注: 複数のフィールドでエラーが発生した場合、処理を完了できません。インポートが失敗した理由を説明するメッセージが表示されます。 - 一括処理が完了したら、[閉じる] をクリックします。
Do not call(連絡禁止)リストの作成方法
オプションの手順として、ダイヤラーキャンペーンの対象から特定の連絡先を除外することができます。これは、地域および連邦の規制に準拠するため、または連絡を希望しないコンシューマーへの発信を防ぐために使用できます。Do Not Call(DNC)リストは、全国の電話勧誘拒否登録簿、州ごとのリスト、または社内で管理されている顧客リストを基に作成できます。DNCは、DNC.comまたはGryphon.aiとのサードパーティ連携を通じて利用できます。
- Zoomウェブポータルにサインインします。
- ナビゲーションメニューで、[コンタクトセンター管理]、[キャンペーン管理] の順にクリックします。
- [連絡先] タブで、[Do Not Contactリスト] のサブタブをクリックします。
- [リストを作成] をクリックします。
- 連絡先リストの内部管理用の名前と説明を入力し、[追加] をクリックします。
- 以下のセクションのいずれかに従って、CSVをインポートするか、電話番号を手動で追加します。
電話番号を手動で追加する
- [電話番号を追加] をクリックします。
- 電話番号を入力し、[追加] をクリックして手動で電話番号を追加します。
CSVファイルから連絡先をインポートする
- [インポート] をクリックします。
- ウェブポータルで [CSVサンプルをダウンロード] をクリックしてサンプルCSVファイルをダウンロードし、フィールドを表示します。
- Microsoft Excelなどのスプレッドシートソフトウェアを使用して、CSVサンプルに入力します。
- Zoomウェブポータルで、次のいずれかのオプションを選択します。
- 新しい番号のみ追加: 現在のDo Not Callリストに存在しない電話番号のみをCSVファイルからインポートします。
- リスト内のすべての電話番号を置換: 現在のDo Not Callリスト内のすべての電話番号を、CSVファイル内の電話番号に置き換えます。
重要: Do Not Callリスト内の既存の電話番号はすべて削除されます。
- 一括インポート処理を開始するには、[選択] をクリックし、完成したCSVファイルを選択します。
注: 複数のフィールドでエラーが発生した場合、処理を完了できません。インポートが失敗した理由を説明するメッセージが表示されます。 - 一括処理が完了したら、[閉じる] をクリックします。
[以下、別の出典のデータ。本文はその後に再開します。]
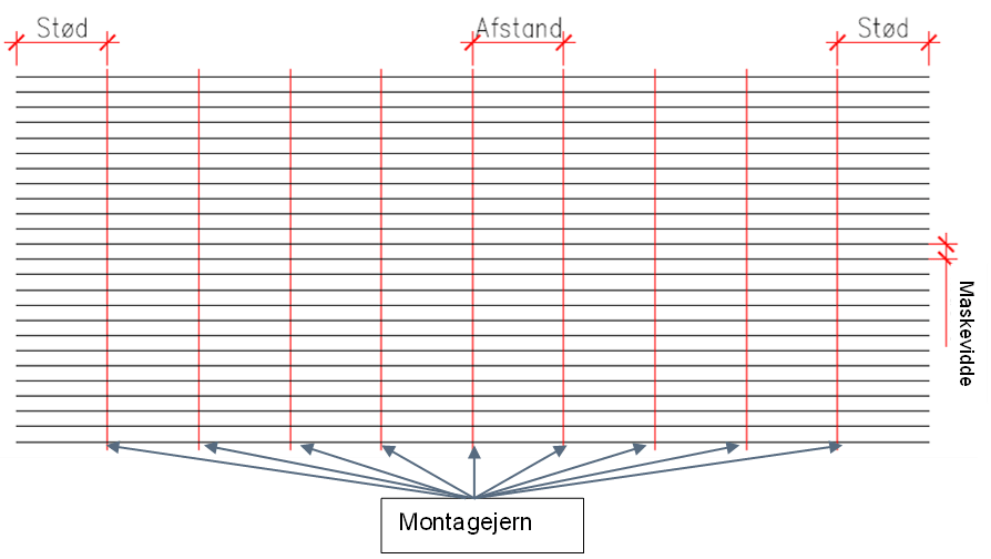 - Afstand mellem montagejern divideret med Maskevidden skal være et heltal

発信プログレッシブダイヤラーキャンペーンを設定して実行する方法
連絡先リストを作成したら、発信キャンペーンを設定して実行し、キャンペーンに割り当てられた連絡先リストに効率的にダイヤルできます。プログレッシブダイヤラーは、リスト内の各連絡先にダイヤルし、コンシューマーとの通話が接続されると、その通話を対応可能なエージェントに割り当てます。
- Zoomウェブポータルにサインインします。
- ナビゲーションメニューで、[コンタクトセンター管理]、[キャンペーン管理] の順にクリックします。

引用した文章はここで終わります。